Open Theology (Aug 2017)
Religion and the Appresentative Mindset
Abstract
Following Alfred Schutz’s “On Multiple Realities,” the religious province of meaning, like the provinces of phantasy, dreaming, and theoretical contemplation, differs from the “world of working,” everyday life’s form of spontaneity, because its tension of consciousness is more relaxed. The relative passivity characterizing the religious province, which depends on a benevolent transcendent accompanying everyday projects and overcoming the distance between the believer and itself, appears also in religion’s release of subliminal processes (e.g., in religious dreams) and in its reliance on passive syntheses. Such syntheses occur in appresentative pairing and apperceptual transfers among diverse symbols and between symbols and the transcendent.
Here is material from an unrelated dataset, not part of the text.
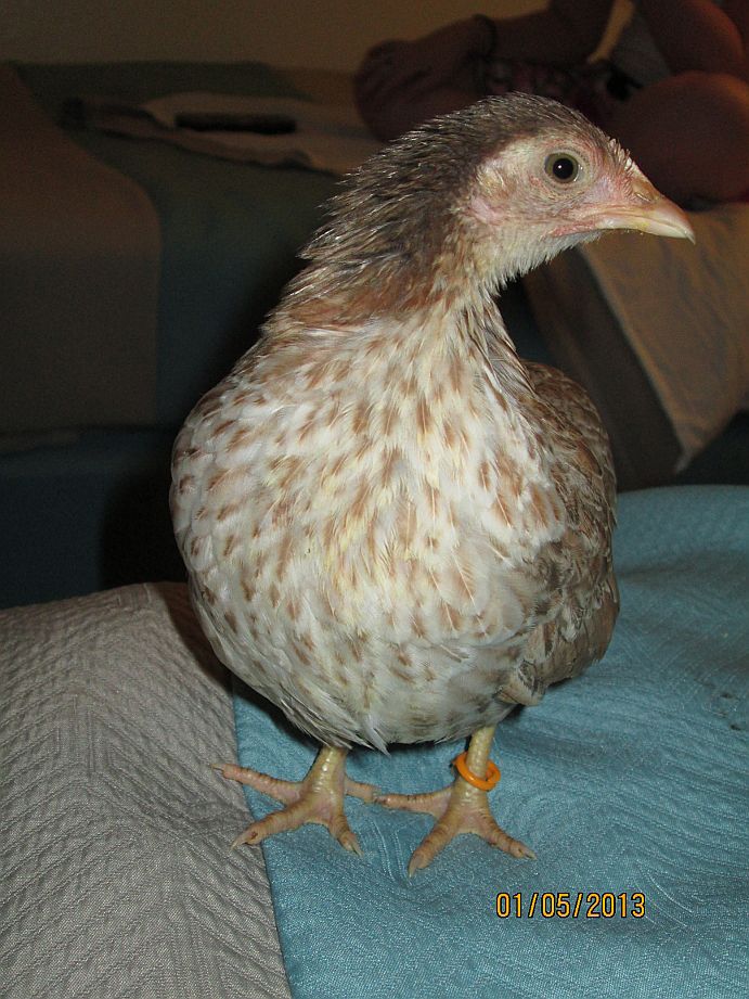 Uno and Scarlet are off to themselves. They hatched in November. They used to spar constantly, but have settled down into a nice pair. Uno has yet to crow, but he is very protective of her. I hope my new six-pack of chicks I got on New Yrs Eve will give me a nice harem for him.

Consequently, the religious province becomes a very important site for the “appresentative mindset.” In addition, the peculiar epoché of the province is symbolically induced when the very symbol (e.g. temple or ritual) that serves as the gateway into the province and separates it from the “profane” world of everyday life also appresents the transcendent. The unrestrained reliance on appresentative pairing within the religious province overflows its boundaries as the mundane events of everyday life come to appresent the transcendent. The release of subliminal processes and unreflective, passive synthesizing, however, requires critique through theory, Levinasian ethics, and legal and social restraints.